Capabilities of the P50 Pro camera system include up to 100x zoom with improved image stabilisation, macro shots down to 2.5cm distance, 4K video capture with both front and rear cameras, and Dual View video recording with front and rear cameras at the same time.
Here’s a flavour of what the P50 Pro can do:
In a relatively short test period, we found the P50 Pro’s advanced camera system both capable and rewarding to use. It’s no surprise to find that it currently heads up the smartphone camera rankings at DXOMARK, just ahead of the Xiaomi Mi Ultra 11.
Performance & battery life
The P50 Pro delivers performance in line with other flagship-class handsets based on Qualcomm’s Snapdragon 888 chipset, such as Samsung’s 6.7-inch Galaxy S21+ 5G.
The P50 Pro beats the Galaxy S21+ 5G on the Geekbench 5 multi core CPU test, but is slightly behind on the single core benchmark:
GPU performance (Geekbench 5 Compute) is evenly matched, although the P50 Pro nudges slightly ahead on the both the Vulkan and OpenCL tests:
The PCMark for Android Work 3.0 benchmark evaluates handsets on a range of everyday activities – web browsing, video editing, writing, photo editing and data manipulation.

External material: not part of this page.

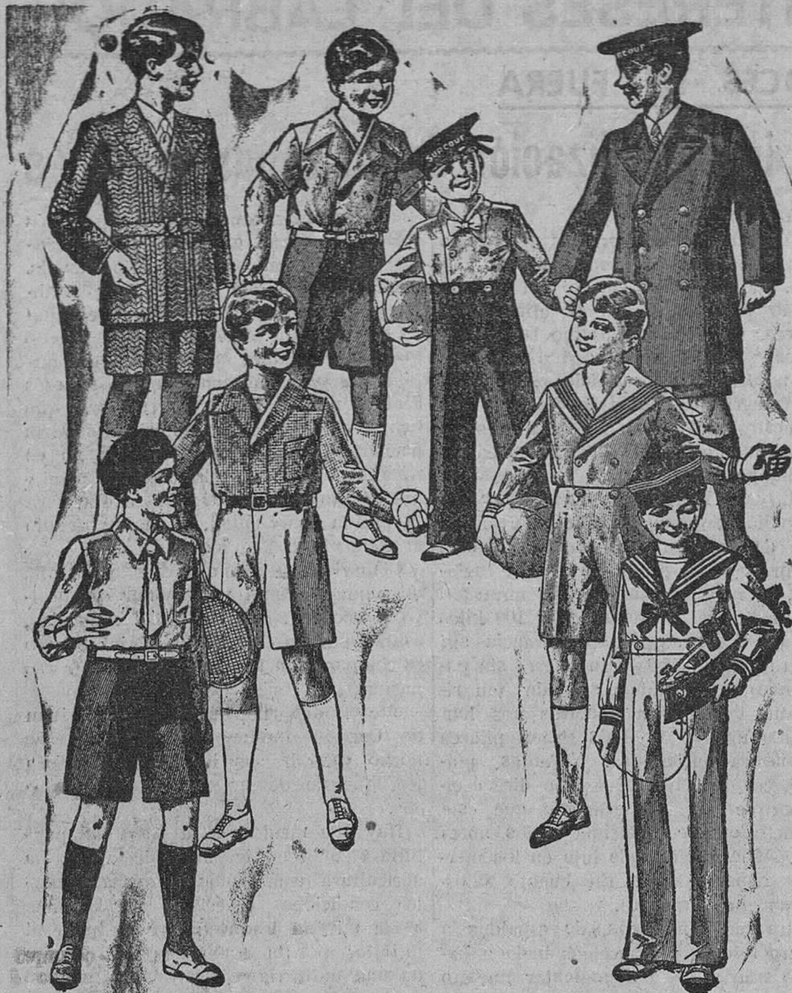
Trajecitos, modelos novedad, de 15, 18, 20, 25 y 30 pesetas La Casa que más surtido presenta y más barato vende

Primera casa en confecciones para caballero, señora y niños Plaza Mayor, 41. Lain-Calvo, 9 y 11.—Sucursal: Plaza Mayor, 6, Burgos Teléfono, 603-R — Teléfono, 284

Both handsets perform well overall, but the Samsung Galaxy S21+ 5G comes out on top, with web browsing performance standing out at 1.9x that of the Huawei P50 Pro.
The P50 Pro has a 4360mAh battery, which is an advance on the P40 Pro/+ (4200mAh) but less than the 5000mAh capacities seen on some recent flagship handsets. We tested battery life using the PCMark for Android Work 3.0 battery life benchmark, which drains the battery from 100% to 20% while continuously running the Work 3.0 test. The Huawei P50 Pro lasted for 11 hours 38 minutes, while the Samsung Galaxy S21+ 5G managed 12h 15m from its 4800mAh battery. You can compare more smartphone Work 3.0 battery life results here.
The Huawei P50 Pro supports 66W wired charging and 50W wireless charging, although you’ll need Huawei’s 66W SuperCharge charger and USB-C cable (supplied) and a 50W SuperCharge Wireless Charger Stand (a separate purchase) to achieve these power ratings.
We’ve given the Huawei P50 Pro an 8/10 (Excellent) rating: this would undoubtedly have been higher if Google Mobile Services and 5G were on-board. Although it’s a superbly designed flagship-class smartphone with an excellent camera system, many potential buyers won’t be able to ignore these two significant drawbacks, considering the four-figure price.